In the following, we call the unique element in (iv) the concatenation of the sequence \((x_k)\) along the partition \((A_k)\), and denote it by \(\sum \nolimits _k 1_{A_k}x_k\). For a sequence \((x_n)\) in a conditional metric space (X, d), we write \(x_n\rightarrow x\) whenever \(d(x,x_n)\rightarrow 0\) a.s.. Further, a conditional subsequence\((x_{n_k})\) of \((x_n)\) is of the form \(x_{n_k}:=\sum \nolimits _{j\in {\mathbb {N}}} 1_{\{n_k=j\}}x_j\), where \((n_k)\) is a sequence in \(L^0_{{\mathcal {G}}}({\mathbb {N}})\) such that \(n_k<n_{k+1}\) for all \(k\in {\mathbb {N}}\).
Definition 2.2
Let \((X,d_X)\) and \((Z,d_Z)\) be \({\mathcal {G}}\)-conditional metric spaces, and H and G subsets of X and Z, respectively.
The set H is called \({\mathcal {G}}\)-stable if \(H \ne \emptyset \) and \(\sum \nolimits _k 1_{A_k} x_k\in H\) for all \((A_k)\in \varPi _{\mathcal {G}}\) and every sequence \((x_k)\) in H, and sequentially closed if H contains every \(x\in X\), such that there is a sequence \((x_k)\) in H with \(x_k\rightarrow x\).

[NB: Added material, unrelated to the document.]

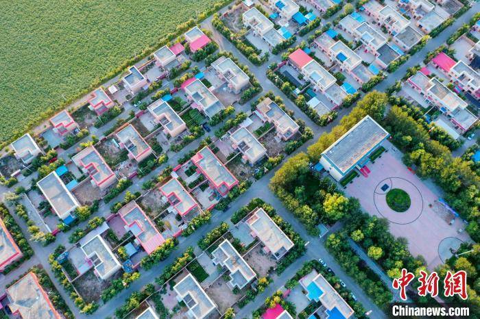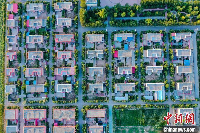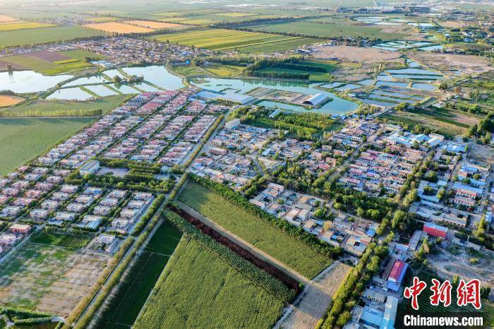近日,新疆昌吉回族自治州昌吉市六工镇十三户村,夕阳下整齐划一的村民住宅与连片的鱼塘良田相映成景,一副美丽乡村画卷。
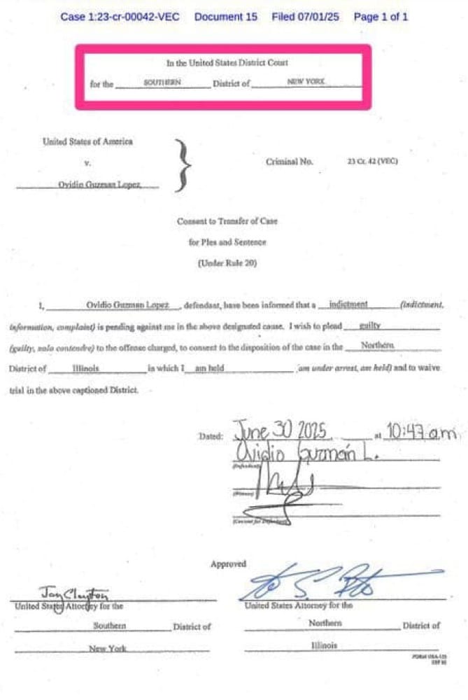 La Corte dio a conocer el documento firmado por Guzmán López, en la cual acepta su culpabilidad de los delitos que le achacan, con lo cual podrá negociar un acuerdo con la Corte para que se le reduzca la sentencia.

A function \(f:H\rightarrow G\) is said to be \({\mathcal {G}}\)-stable if \(f\left( \sum _k 1_{A_k} x_k\right) =\sum \nolimits _k 1_{A_k} f(x_k)\) for all \((A_k)\in \varPi _{\mathcal {G}}\) and every sequence \((x_k)\) in H, where H and G are assumed to be \({\mathcal {G}}\)-stable.
Remark 2.1
-
1.
If (X, d) is a \({\mathcal {G}}\)-conditional metric space, then the metric d is \({\mathcal {G}}\)-stable, i.e., \(d\left( \sum \nolimits _k 1_{A_k}x_k, \sum \nolimits _k 1_{A_k}y_k\right) =\sum \nolimits _k 1_{A_k}d(x_k,y_k)\) for all sequences \((x_k)\) and \((y_k)\) in X and \((A_k)\in \varPi _{\mathcal {G}}\). Indeed, denoting by \(x=\sum \nolimits _k 1_{A_k}x_k\) and \(y=\sum \nolimits _k 1_{A_k}y_k\) the respective concatenations, it follows from the triangular inequality that
$$\begin{aligned} 1_{A_k}d(x,y)&\le 1_{A_k}d(x,x_k)+1_{A_k}d(x_k,y_k)+1_{A_k}d(y_k,y)=1_{A_k}d(x_k,y_k)\\&\le 1_{A_k}d(x_k,x)+1_{A_k}d(x,y)+1_{A_k}d(y_k,y)=1_{A_k}d(x,y), \end{aligned}$$
which shows that \(1_{A_k}d(x,y)=1_{A_k}d(\sum _k 1_{A_k}x_k,\sum \nolimits _k 1_{A_k}y_k)=1_{A_k}d(x_k,y_k)\) for all \(k\in {\mathbb {N}}\). Summing up over all k yields the desired \({\mathcal {G}}\)-stability.
-
2.
Let \((X,d_X)\) and \((Y,d_Y)\) be two \({\mathcal {G}}\)-conditional metric spaces. Then, its product \(X\times Y\) endowed with the \({\mathcal {G}}\)-conditional metric
$$\begin{aligned}d_{X\times Y}\left( (x,y),(x^\prime ,y^\prime )\right) :=\max \{d_{X}(x,x^\prime ),d_{Y}(y,y^\prime )\}\end{aligned}$$
is a \({\mathcal {G}}\)-conditional metric space.
-
3.
Let \((X,d_X)\) be a \({\mathcal {G}}\)-conditional metric space. Then, the set \({\mathbf {X}}\) of all pairs \((x,A)\in X\times {\mathcal {G}}\), where (x, A) and (y, B) are identified if \(A=B\) and \(1_A d(x,y)=0\), is a conditional set as introduced in
[2]; in
[2, Section 4] conditional metric spaces are defined.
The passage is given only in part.